News in Brief

April 28, 2011

Research funding

Cuts could hit charity investment

Further government cuts to research funding could have a damaging effect on charity-funded research, Cancer Research UK has warned. A report by the Office of Health Economics, commissioned by the charity, reveals that CRUK spends about half of its £325 million annual research budget in universities. It warns that the long-term impact of cuts through the loss of infrastructure would be difficult to reverse quickly, while cuts to the Charity Research Support Fund, which covers the indirect costs of charity-funded research, would force charities to reduce their research spending. The support fund budget in 2011-12 is nearly £200 million. Sarah Woolnough, director of policy at CRUK, said: "The government's policy on growth has centred on getting more private investment into research. However, research charities invested over £1 billion last year in research in the UK and the government should be making it a priority to do all it can to maintain it."

http://bit.ly/eHcJ79

University management

Lancaster v-c heads Down Under

Paul Wellings is to step down as vice-chancellor of Lancaster University to take up a parallel post at an Australian institution. Professor Wellings, who is also head of the 1994 Group of small researchintensive universities, will become vice-chancellor of Wollongong University at the end of this year, succeeding Gerard Sutton, who has held the post for 16 years. He will leave Lancaster in December, cutting short his three-year term of office at the 1994 Group, which had been scheduled to run until August 2012. The move marks a return to Australia for Professor Wellings, who has dual British/Australian citizenship and who worked in the country in the 1980s and 90s.

Terrorism

Call to report online material

Academics are being asked to report any terrorist content they discover online to a government website. Reports submitted to the directgov site have already led to the removal of videos of beheadings, terrorist training manuals and incitement to racial or religious violence. Although all internet users are being asked to assist, the government said that lecturers, researchers and librarians were among those most likely to be able to help.

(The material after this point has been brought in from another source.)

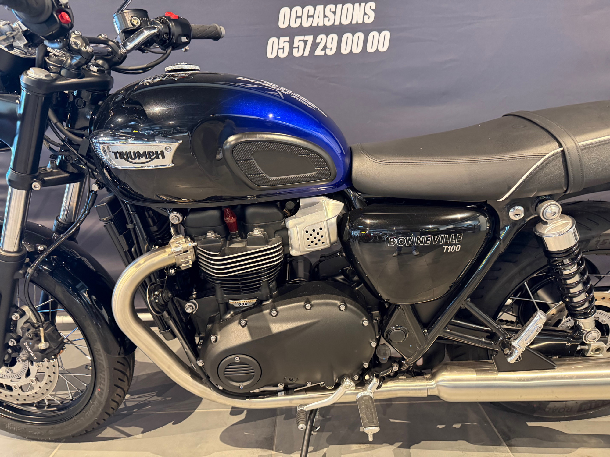 Cette superbe Triumph modèle Bonneville T100 mise en circulation du 31/12/2024 avec 160 kms .

Reports can be submitted to:

www.direct.gov.uk/reportingonlineterrorism

AHRC

New council members appointed

The vice-chancellor of the University of Birmingham, David Eastwood, has been appointed to the governing body of the Arts and Humanities Research Council. Professor Eastwood, a panellist on the Browne Review and a former chief executive of the Higher Education Funding Council for England, said he hoped to "play a creative role in a number of areas, drawing on my academic background in the humanities". He will be joined on the AHRC council, with effect from 1 September, by Greg Walker, Regius professor of rhetoric and English literature at the University of Edinburgh. One of the major challenges Professor Walker foresaw in the sector was finding "a clearer, more supportive and sustainable structure for colleagues seeking to make the difficult transition from postgraduate student to early career teacher and researcher". Five existing council members have been reappointed for a further two or three years.

ONLINE NOW

Readers responded online to the suggestion by Richard Davies, vice-chancellor of Swansea University, that staff take a voluntary pay cut of 3 per cent in return for a "no redundancies" deal.

One writes: "Irish academics have taken pay cuts of up to 15 per cent in recent times. Academic colleagues of mine at the University of California San Diego have taken a compulsory furlough, amounting to an 8 per cent pay cut. We're next in line and frankly, there is very little to be done about it."